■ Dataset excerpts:
╔══

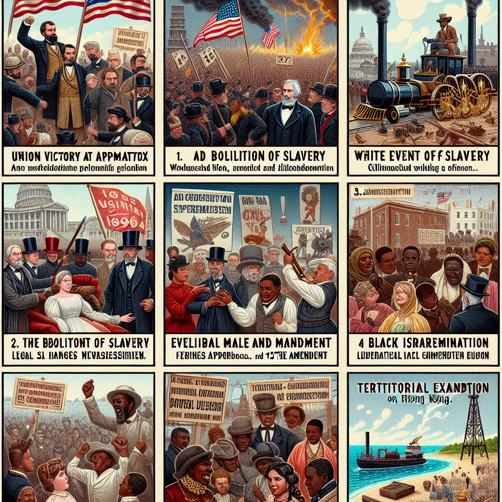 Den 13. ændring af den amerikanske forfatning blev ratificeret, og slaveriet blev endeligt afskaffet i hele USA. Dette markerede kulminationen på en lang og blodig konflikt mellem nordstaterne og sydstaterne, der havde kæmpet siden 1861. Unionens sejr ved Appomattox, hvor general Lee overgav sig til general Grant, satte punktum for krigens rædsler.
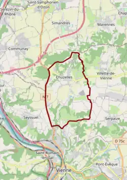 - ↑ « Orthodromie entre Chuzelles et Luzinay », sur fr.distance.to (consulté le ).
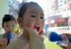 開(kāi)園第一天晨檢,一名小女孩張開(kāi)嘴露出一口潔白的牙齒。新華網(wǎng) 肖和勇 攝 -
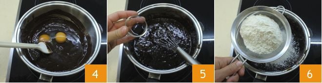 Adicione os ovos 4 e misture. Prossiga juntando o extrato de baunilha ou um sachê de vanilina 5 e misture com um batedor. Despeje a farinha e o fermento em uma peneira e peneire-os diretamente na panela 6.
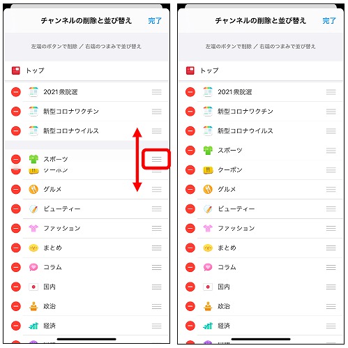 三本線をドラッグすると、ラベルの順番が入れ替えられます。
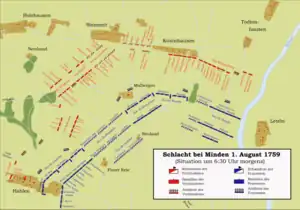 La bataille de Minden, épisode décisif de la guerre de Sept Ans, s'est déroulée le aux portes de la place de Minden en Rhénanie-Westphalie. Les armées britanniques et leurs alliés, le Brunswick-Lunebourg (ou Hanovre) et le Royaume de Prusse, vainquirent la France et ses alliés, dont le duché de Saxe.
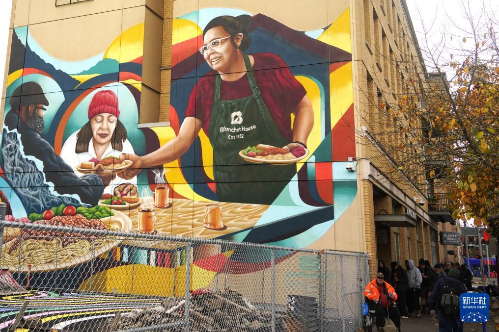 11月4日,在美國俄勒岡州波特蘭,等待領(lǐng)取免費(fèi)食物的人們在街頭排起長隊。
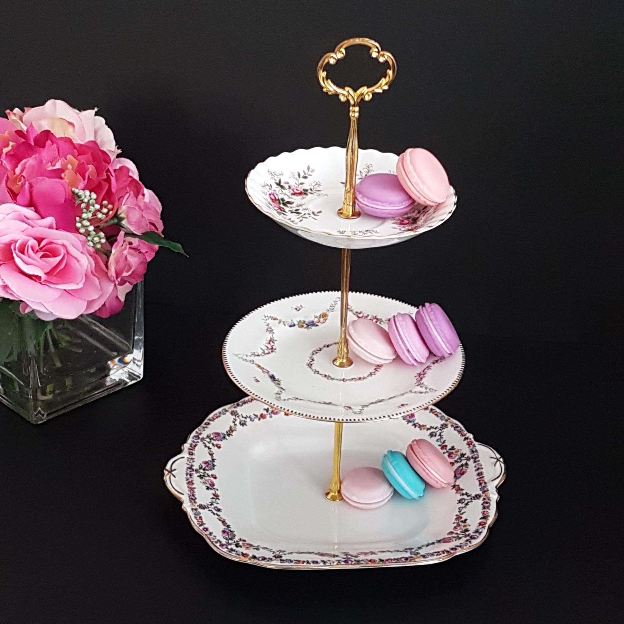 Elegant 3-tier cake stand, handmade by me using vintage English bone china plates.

╚══

Could you restate each record word for word, keeping the pictures out?

■ RESPONSE BOX:
 Den 13. ændring af den amerikanske forfatning blev ratificeret, og slaveriet blev endeligt afskaffet i hele USA. Dette markerede kulminationen på en lang og blodig konflikt mellem nordstaterne og sydstaterne, der havde kæmpet siden 1861. Unionens sejr ved Appomattox, hvor general Lee overgav sig til general Grant, satte punktum for krigens rædsler.
 - ↑ « Orthodromie entre Chuzelles et Luzinay », sur fr.distance.to (consulté le ).
 開(kāi)園第一天晨檢,一名小女孩張開(kāi)嘴露出一口潔白的牙齒。新華網(wǎng) 肖和勇 攝 -
 Adicione os ovos 4 e misture. Prossiga juntando o extrato de baunilha ou um sachê de vanilina 5 e misture com um batedor. Despeje a farinha e o fermento em uma peneira e peneire-os diretamente na panela 6.
 三本線をドラッグすると、ラベルの順番が入れ替えられます。
 La bataille de Minden, épisode décisif de la guerre de Sept Ans, s'est déroulée le aux portes de la place de Minden en Rhénanie-Westphalie. Les armées britanniques et leurs alliés, le Brunswick-Lunebourg (ou Hanovre) et le Royaume de Prusse, vainquirent la France et ses alliés, dont le duché de Saxe.
 11月4日,在美國俄勒岡州波特蘭,等待領(lǐng)取免費(fèi)食物的人們在街頭排起長隊。
 Elegant 3-tier cake stand, handmade by me using vintage English bone china plates.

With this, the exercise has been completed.